Bayesian Approaches in Computational Neuroscience: Overview
Bayesian approaches in computational neuroscience rely on the properties of Bayesian statistics for performing inference over unknown variables given a data set generated through a stochastic process.
Given a set of observed data d 1:n , generated from a stochastic process P(d 1:n |X) where X is a set of unobserved variables, the posterior probability distribution of X is P(X|d 1:n ) = P(d 1:n |X)P(X)/P(d 1:n ) according to Bayes rule. X can be a set of fixed parameters as well as a series of variables of the same size as the data itself X 1:n .
Based on the posterior probability and a specified utility function, an estimate of X can be made that can be shown to be optimal, e.g., by minimizing the expected variance.
One common use of this principle within computational neuroscience is for inferring unobserved properties (hidden variables X) based on observed data, d.

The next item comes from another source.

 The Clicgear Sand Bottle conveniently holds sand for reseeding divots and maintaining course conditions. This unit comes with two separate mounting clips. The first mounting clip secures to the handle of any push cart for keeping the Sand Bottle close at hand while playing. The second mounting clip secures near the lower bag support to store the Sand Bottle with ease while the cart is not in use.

These techniques can be used for inference on any data set but has in neuroscience mostly been used for neurophysiological recordings, imaging, and behavioral data.

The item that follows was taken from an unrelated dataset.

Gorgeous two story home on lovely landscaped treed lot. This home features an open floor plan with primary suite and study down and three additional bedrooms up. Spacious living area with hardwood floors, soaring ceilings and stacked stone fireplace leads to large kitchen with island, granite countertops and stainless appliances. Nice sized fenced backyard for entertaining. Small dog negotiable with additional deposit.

By their nature electrophysiological recordings are noisy and stochastic. Given the stochastic responses of neurons to stimuli, Bayesian methods can be used to infer the underlying stimuli or activation of the neurons, X 1:n (Electrophysiology Analysis, Bayesian).
For imaging data, an underlying neural activity X 1:n , e.g., firing rate at the level of individual columns of cortex, is assumed to give rise to measured responses d 1:n , e.g., the blood flow measured by fMRI, through a stochastic process. Inverting the process through the Bayesian inference allows for estimating the unknown neural activity (Imaging Analysis, Bayesian).
The ideas can also be useful for inferring properties about the behavior of individual human subjects, X, by the assumption of a stochastic process, P(d 1:n |X), through which characteristics of each individual subject leads to individual choices in an experimental task, d 1:n (Behavioural Analysis, Bayesian).
The abovementioned techniques all use Bayesian inference to infer underlying properties of recorded data but is essentially used as very effective tools for data analysis. An alternative line of research takes as the working hypothesis that the human brain has evolved to the point of itself approximating an ideal Bayesian observer (sometimes referred to colloquially as the Bayesian brain hypothesis). Accordingly this line of research compares human behavior to the output of such an ideal observer within, e.g., perceptual (Perception, Bayesian Models of) or cognitive tasks (Cognition, Bayesian Models of).
A related effort has proposed that the computations necessary to perform the steps of Bayesian inference can be done through populations of biological neurons (Bayesian Inference, Neural Models of).
There is a continued effort to translate ideas on Bayesian inference from machine learning and computer science into computational neuroscience, including recent advances in sampling techniques for inference.